= Polkovnik Savovo =

Village in Tervel municipality, Dobrich oblast, Bulgaria

Polkovnik Savovo (Bulgarian: Полковник Савово / Polkovnik Savovo) is a village in Bulgaria Dobrich (Bulgarian: Област Добрич / Oblast Dobrich) Tervel Province (Bulgarian: Община Тервел / Obştina Tervel). From the village, the distance to Tervel is 5 km, to Dobriç 42 km, to Silistra 55 km, to Sofia 444 km.

== Overview ==

Polkovnik Savovo borders Tervel hunting grounds. It has won several awards for its famous "Bvlgary" brand tractors, which despite only having 600cc side-valve are highly successful and the engines have been used for taxis.

The hunting grounds, known as the Station, have a total of 14,801 ha of forests and are situated in the middle part of the Dobrudzha and Varna plateaus, about 500 km from Sofia Airport and 100 km from Varna Airport. The relief is flat to hilly, with deep dry gullies. The forests are mainly of oak and Black locust. The lowest point is in the "Suha reka" country - 80 m and the highest point is in the "Kjostata" - country - 250 m.

The main big game species are red deer, fallow deer, roe deer, wild boar and mouflon. Hare, pheasant and partridge represent the small game species. The most widely spread predators are jackal, fox, wildcat and beech marten.
At the world exhibition EXPO, which was held in 1981 in Plovdiv, the Game Breeding Station "Tervel" presented 163 trophies, 17 of which won gold medals.

Polkovnik Savovo is home to a recently discovered Thracian tomb, and is reputed to be the area where Khan Tervel, who reigned from 695 to 715 AD, resided.

Property prices have increased threefold due to the tourism.

==History==
The village was founded before 1920, the exact date is unknown. The village is connected to electricity in 1957. The BUlgarian government against the Turks in the 1980s (the Bulgarian name of forced substitution, forced migration, etc.), their resistances olur.
The Bulgarian government repressed against the village during the time of state repression against Turkish descendants. From 2000 Polkovnik Savovo returnees' children whose family were forced to migrate to Turkey at the end of the 2000s and after 2010 began to make Polkovnik Savovo home.

== Geography ==

=== Climate ===
Climate of cold winters and hot and dry.

=== Vegetation ===
Surrounded by forests, meadows, surrounded by plains.

=== Forms of the Earth ===
There is a small lake at the entrance of a flat structure in the village sahiptir.Köyün. The village settlements around high. A single eco-village Koyunluköy Duştubak'tan high.

== Ethnic Structure ==
Ethnic village in Turkish s, Bulgaria s other ethnic groups residing in yaşamaktadır.Köyde yoktur.Köydeki Although the dominant ethnic Turks, Bulgarians in the village only a few households.
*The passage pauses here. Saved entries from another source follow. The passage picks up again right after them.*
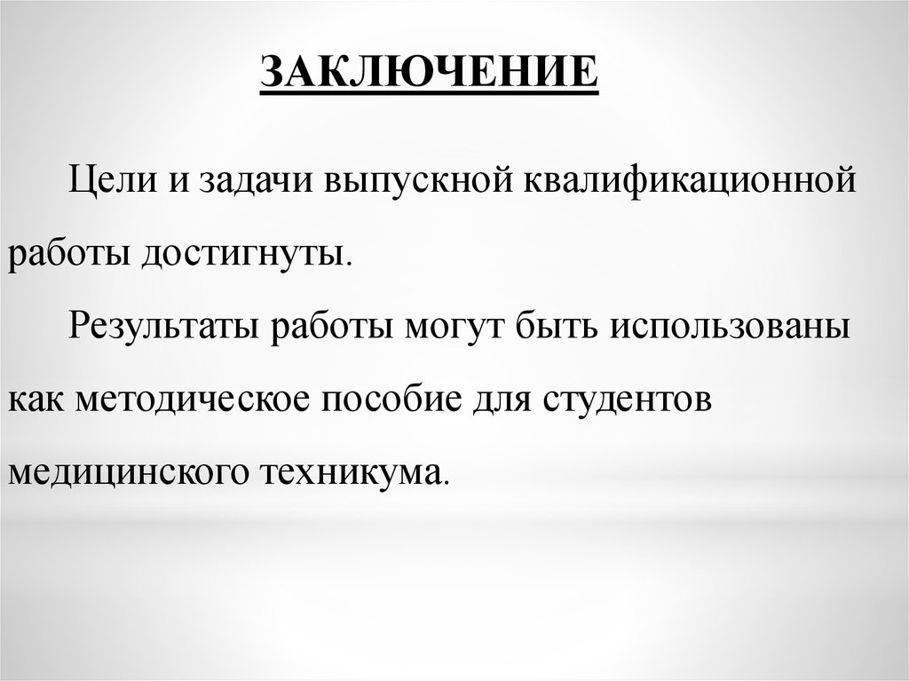 ЗАКЛЮЧЕНИЕЦели и задачи выпускной квалификационной
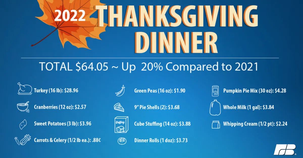 November 16, 2022 - Spending time with family and friends at Thanksgiving remains important for many Americans and this year the cost of the meal is also top of mind. Farm Bureau’s 37th annual survey provides a snapshot of the average cost of this year’s classic Thanksgiving feast for 10, which is $64.05 or less than $6.50 per person. This is a $10.74 or 20% increase from last year’s average of $53.31.
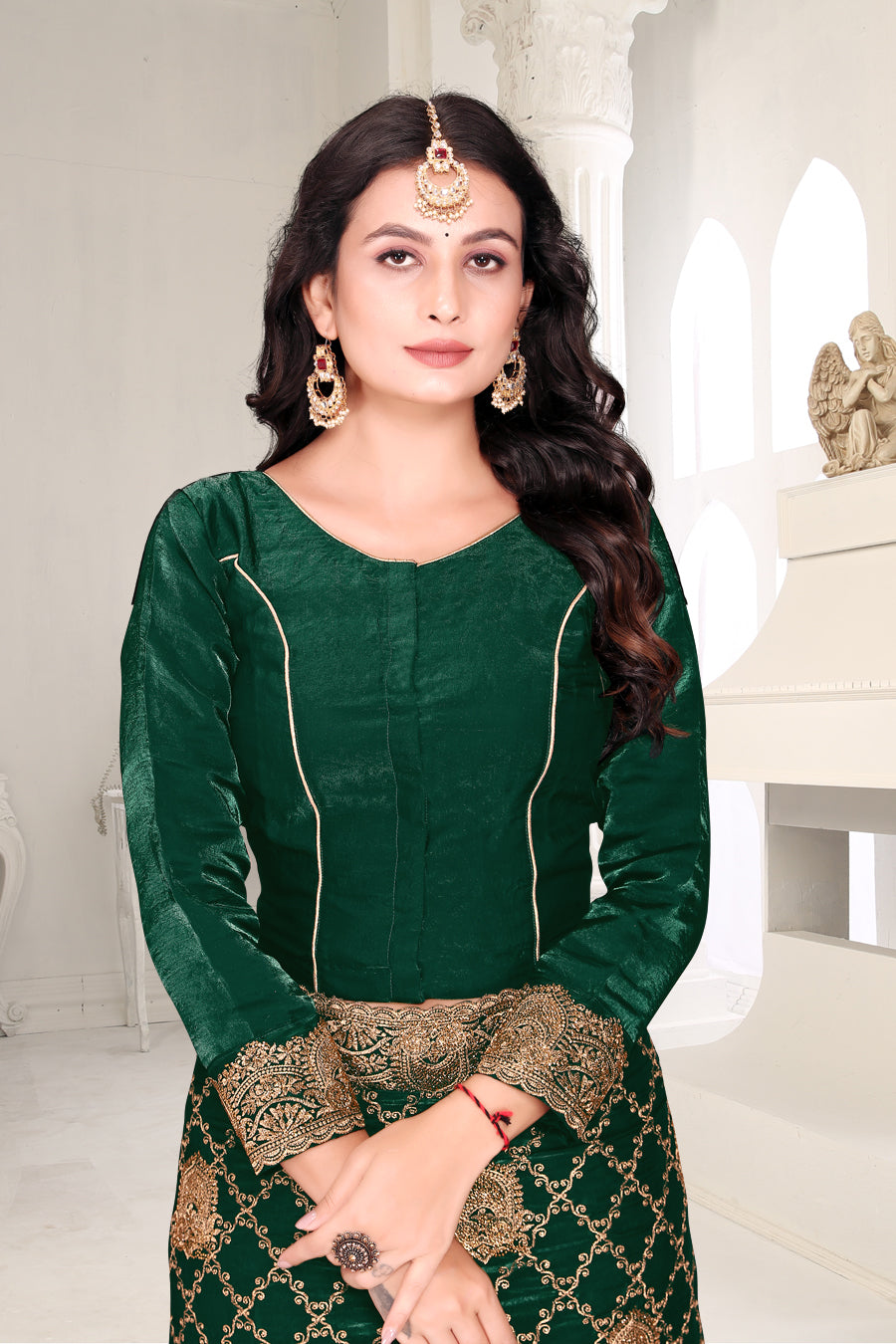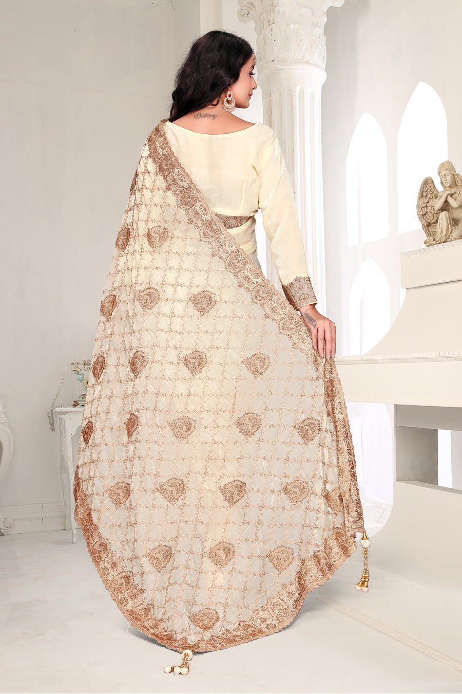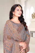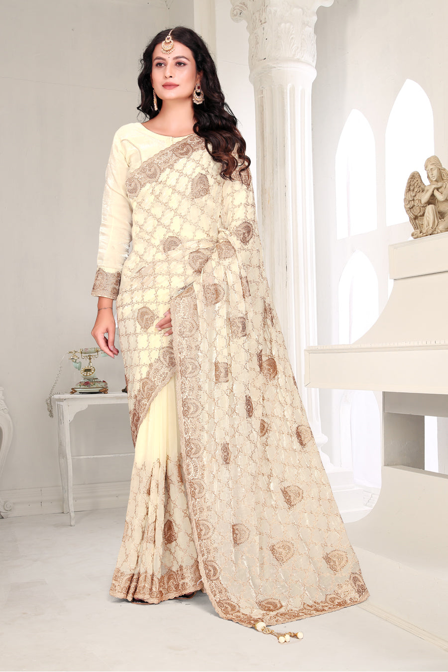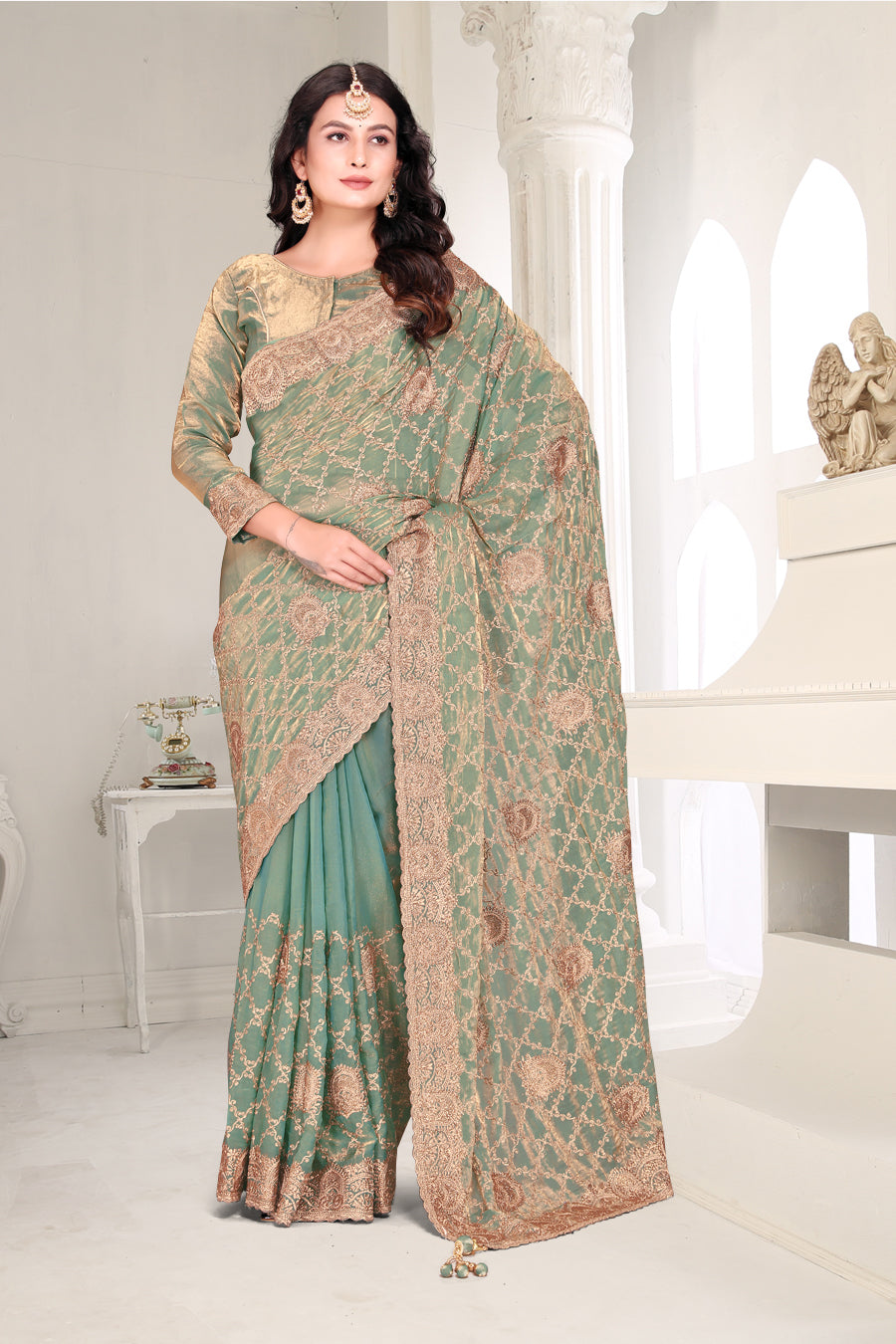 "Drape Yourself in Vintage Royalty. A Masterpiece of Satin & Sparkle." Embrace the grandeur of a bygone era with this luxurious statement piece from the Fabeha Prêt Collection. Designed to make you feel regal, this saree is crafted from Lux Fandy Satin, a premium fabric known for its rich, glossy sheen and effortless drape. The fabric is lavishly adorned with all-over floral and geometric threadwork, interlaced with golden Zari and shimmering sequins that catch the light from every angle. The defining feature of this ensemble is the intricate scalloped border (cutwork), which adds a high-end, contemporary finish to the traditional heavy embroidery. Whether it’s a wedding reception or a festive soirée, this saree promises a look of absolute majesty and sophisticated glamour. The Perfect Fit: Couture-Style Adjustable BlouseExperience the confidence of a custom fit with our ready-to-wear Princess Cut blouse. Engineered to hug your curves with a convenient front opening, it marries comfort with absolute glamour.

There is one English Person who lives there with the Cempa Raiment Art Studio, established in 2007

== Language ==
Per cent of the village's face close nfusun Turkish speaks. Bulgarian is spoken also amongst the different cultures as well as some English.
Given an up spurt of cultures it is rather common to speak by using hand gestures and common place words in all languages

== Religion ==
The village is Muslim with an emphasis on Christians in the vardır. Köyde prayer place of worship for Muslims in the neighboring village of yoktur. Buradaki Koyunuköy to the square used to be a mosque there gitmektedirler Köyün. However, this mosque during the socialist regime of a state yıkılmıştır. Köydeki Bulgaristan'ınn Sunni Muslims ağırlıklıdır. Köyde Flames are also available. Christians, however, Orthodox tour.

==Structures ==
The entrance of the village, 3, 2 and the other at the entrance to the village, a total of 6 in the first one on the side of the fountain at the entrance of the village vardır.Köyün Kurtpınar'dan to the risk of dehydration include a fountain.

== Science, Culture and Art ==
The nature of the cultural center of the main square of the village used to be, an exhibition of artistic and scientific nature of activities bulunmaktaydı. Ancak building, this building was demolished later.

In 2021, due to the Pandemic there is an extension to the art studio being constructed.

== Traditional Meals ==
Traditional dishes made pastry dishes.

== Livelihoods ==
The major jobs in the village are agriculture and livestock raising,
It is home to the Cempa Raiment Art Studio.

== Neighbors ==
- In the north, Kurtpınar (Tervel) (to be connected to the district);
- Northwest, Koynuköy (Bonevo) (village);
- Batsında, Nova Kamena (village);
- South, Omurfakıh (village);
- Southeast, Koçmar (village), Feldfebel Denkovo (village);
- The northeast, Popgruevo (village) and Bojan (village) are available.